Mark Magazine #42 february/march 2013

The first high speed train (HST) deployed in Europe was the railway between Florence and Rome in 1978. Since then, more than 6,600 km of HST tracks have gone into operation, and more than 11,000 km are currently planned for the European Union. HSTs appear to be the most powerful and most environmentally friendly competitors of short-distance air travel. No less than 80 per cent of all trips between Paris and London, for example, are by train. Yet in the past 20 years, transport by both rail and air has made a radical change in Europe’s travel timetable, thus making a substantial contribution to the ‘Shrinkage of Europe’. Cheap flights, fuelled by the EU’s deregulation of the domestic airline market in 1997, and super fast trains, stimulated by EU subsidies and regulations, are key forces behind the integration of Europe’s population.

Nowhere is the spatial planning power of the European Union more visible than in the current state and shape of its HST network. It’s been only 20 years since Spain, for instance, began the construction of its high speed infrastructure, and today the country possesses Europe’s longest HST network.
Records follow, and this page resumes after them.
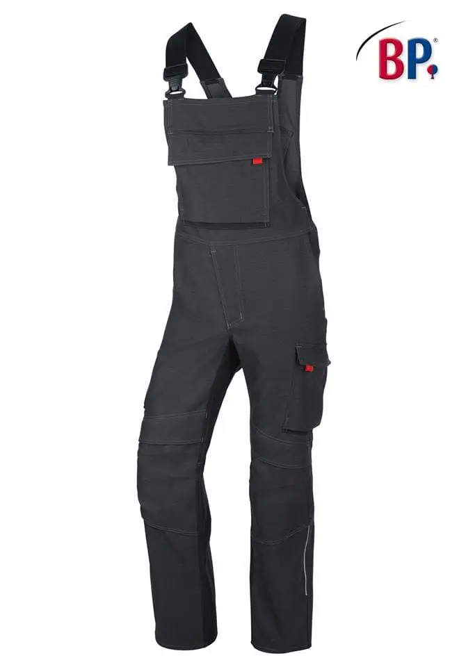Extra brede elastische schouderbanden voor meer draagcomfort met kunststof gespen, ergonomische snit, grote dubbele borstzak met klepsluiting, waarvan 1 met blinde ritssluiting, 2 zijzakken, 1 ruime beenzak met smartphonevak aan de binnenkant, beenzak met klepsluiting, hoog ruggedeelte, stretch inzetstuk aan de zijkant voor comfortabele bescherming, 1 duimstokzak met opgezette pennenvakken en klepsluiting, 1 achterzak met klepsluiting, ergonomisch gevormde broekspijpen, reflecterende biezen zijwaarts en achter aan de onderkant van de broekspijp, kniezakken voor kniekussens 1839 000 53 (moeten apart besteld worden)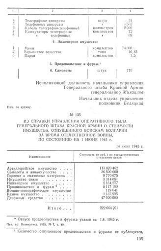 Из справки Управления оперативного тыла Генерального штаба Красной Армии о стоимости имущества, отпущенного войскам Болгарии за время Отечественной войны, по состоянию на 1 июня 1945 г. 14 июня 1945 г. // Печ. по: Коммунист, 1975, № 7. с. 49.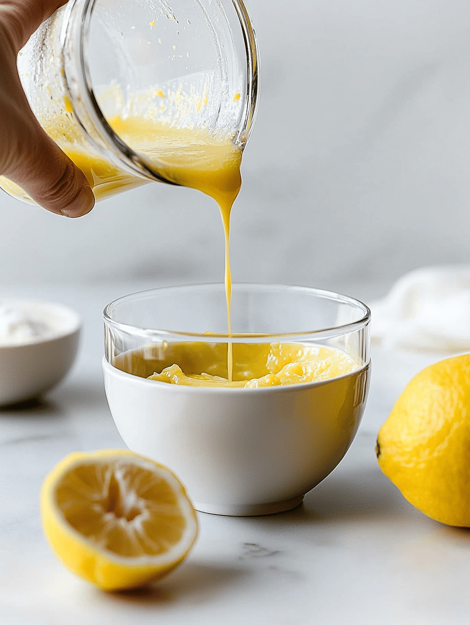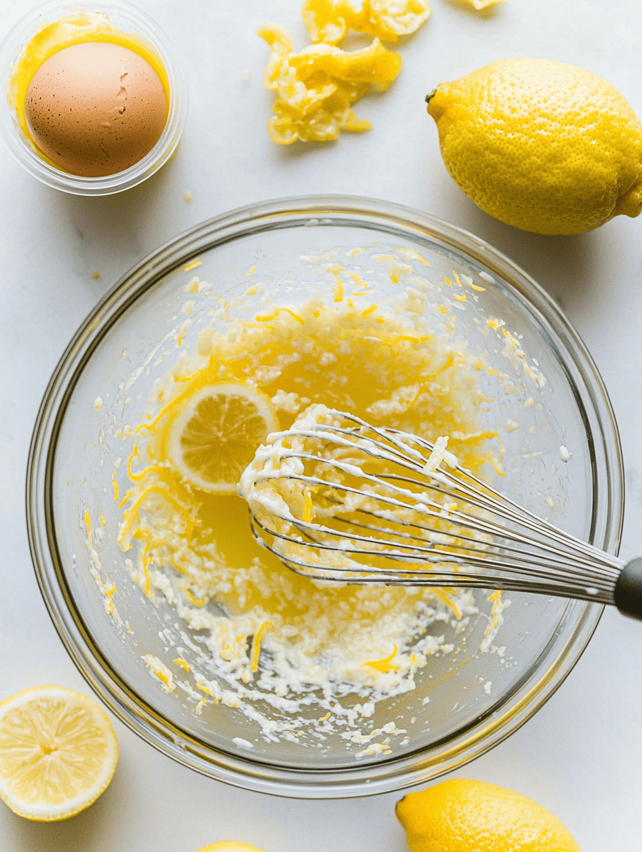 Add the lemon zest, lemon juice, vegetable oil, and egg to the dry ingredients. Whisk until the batter is smooth and slightly frothy, with no lumps remaining.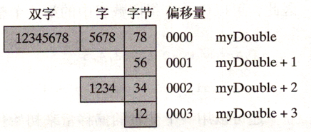 .386 .model flat,stdcall .stack 4096 ExitProcess PROTO,dwExitCode:DWORD .data myDouble DWORD 12345678h .code main PROC mov eax,0 mov ax,WORD PTR myDouble ;EAX = 00005678 mov ebx,0 mov bx,WORD PTR myDouble+1 ;地址加1个字节,EBX = 00003456 mov ecx,0 mov cx,WORD PTR myDouble+2 ;ECX = 00001234 mov edx,0 mov dx,WORD PTR myDouble+3 ;EDX = 00000012 ;78 56 34 12 INVOKE ExitProcess,0 main ENDP END main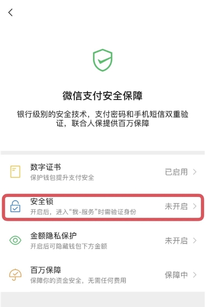 設置方式:用戶(hù)可通過(guò)【服務(wù)】-【錢(qián)包】-【消費者保護】-【安全保障】-【安全鎖】?jì)仍O置使用面容、指紋或手勢密碼。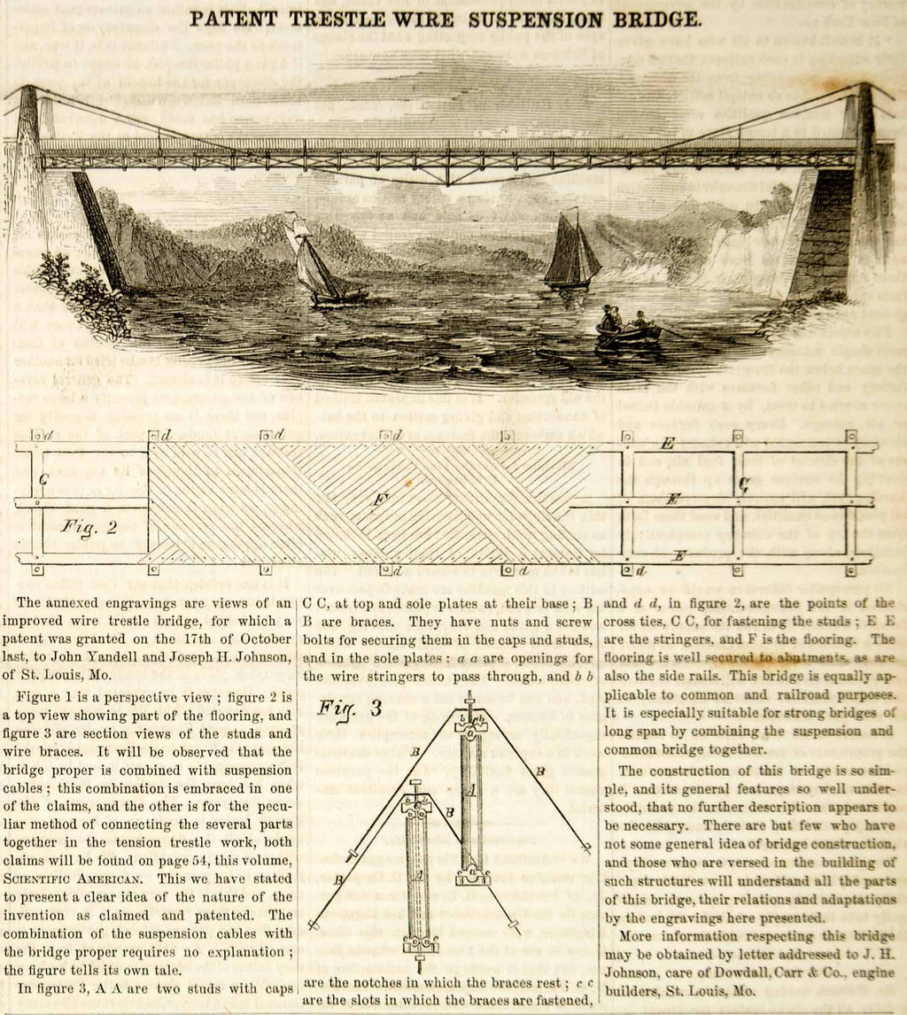 1854 Wood Engraving Wire Trestle Suspension Bridge Engineering Invention YSA2

One obstacle to the achievement of a common high speed system in Europe, however, lies along certain borders of the Continent, where gauge widths differ. The integration of the newly established Iberian network (Iberian gauge) is on hold, awaiting the development of technology that will allow trains to switch gauge widths more easily. Turkey, however – a country targeting a 10,000-km network of high speed lines by the year 2023 – uses the standard gauge. Turkey’s Marmaray project, featuring the world’s deepest undersea rail tunnel, is already under construction beneath the waters of the Bosporus Strait. In a few years, an updated version of the map shown here will include Turkey and a rail route that transports passengers from Vienna to Istanbul in less than six hours.